Three dead and many wounded. He wondered if he was irredeemable, to her and to himself. Yes, there were reasons for what he’d done, but reasons were intangible, invisible, electrons sparking through a synapse with no more materiality than a song. But a dead body was real. It had structure. Weight. You could see it. You could roll it over and find the bullet hole. You could watch the family grieve. He had to talk to Grace. See her face. See where things were and ask for forgiveness. He texted her. Can I see you? She replied immediately. I’m at the house. She was waiting for him and that made him happy.

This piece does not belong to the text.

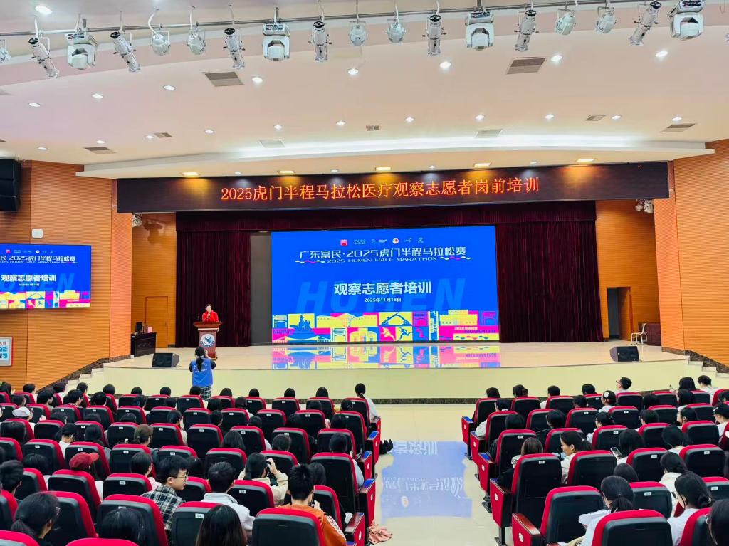 11月23日,2025虎门半程马拉松在我市虎门镇热烈开幕,来自全国各地的9000名跑者共同奔赴这场充满激情与挑战的体育盛宴,我校卫生健康学院共派出260名师生参与医疗观察志愿服务,覆盖全程21.0975公里,累计服务时长超2990小时,在2025虎门半程马拉松的赛道上竖起一道流动的“健康屏障”,成为赛事中最亮眼的“安全防线”。

He went out to the street and automatically looked for the Audi. Man, he missed that car. He thought he heard its roaring engine. He turned and saw a tricked-out Impala spee
ding right toward him. A Loco named Estevan was holding an Uzi out the window, cranked up, screaming and out of his fucking mind. Isaiah hesitated. There was no cover. He could race in front of the Impala, get to the other side of the street—no time, he’d get run over. Run away, get shot in the back. The car was coming and coming fucking fast! He had to take away Estevan’s angle. He ran toward the car. Estevan was grinning, gibbering insanely. He started shooting, BLAM BLAM BLAM BLAM, the thirty-round mag spitting brass casings, the trajectory of the salvo and Isaiah’s path about to meet head-on—Isaiah hit the ground and rolled toward the street. Estevan couldn’t angle the gun down low enough, emptying the magazine over Isaiah’s head. The Impala sped on, turned a corner and was gone. Isaiah got up on his hands and knees. Mouth open, spittle dripping out, breathing hard, wrists scraped to shit, bleeding from breaking his fall. People were peeking out of the shops and stores, tentative, not sure the shooting was over. Isaiah stood up, trudged toward his car. He had to get out of here before the cops showed up.
His phone buzzed. “Still alive, motherfucker?” Manzo said. “Enjoy it while you can. It’s not just us that’s coming for you. Our allies too. Varrio Longos, Barrio Pobre, Poker Town Flats and every fucking Sureños gang in LA. Dig a hole, you fucking puta, because that’s where you’re gonna be.” Manzo hung up.
Isaiah plodded back to the Kia. He sat there awhile with his forehead on the steering wheel. He’d fucked up in every way imaginable. Lok wanted to kill him for the betrayal and Angus did too. Sidero and Hugo were lurking out there somewhere and Manzo had called in the troops. Every killer in SoCal would be after him. He needed time to get himself together and figure out what was next. He couldn’t go back to the house; they might be waiting for him. He’d stay with TK and lay low for a while. A jolt of alarm made him lift his head. The house.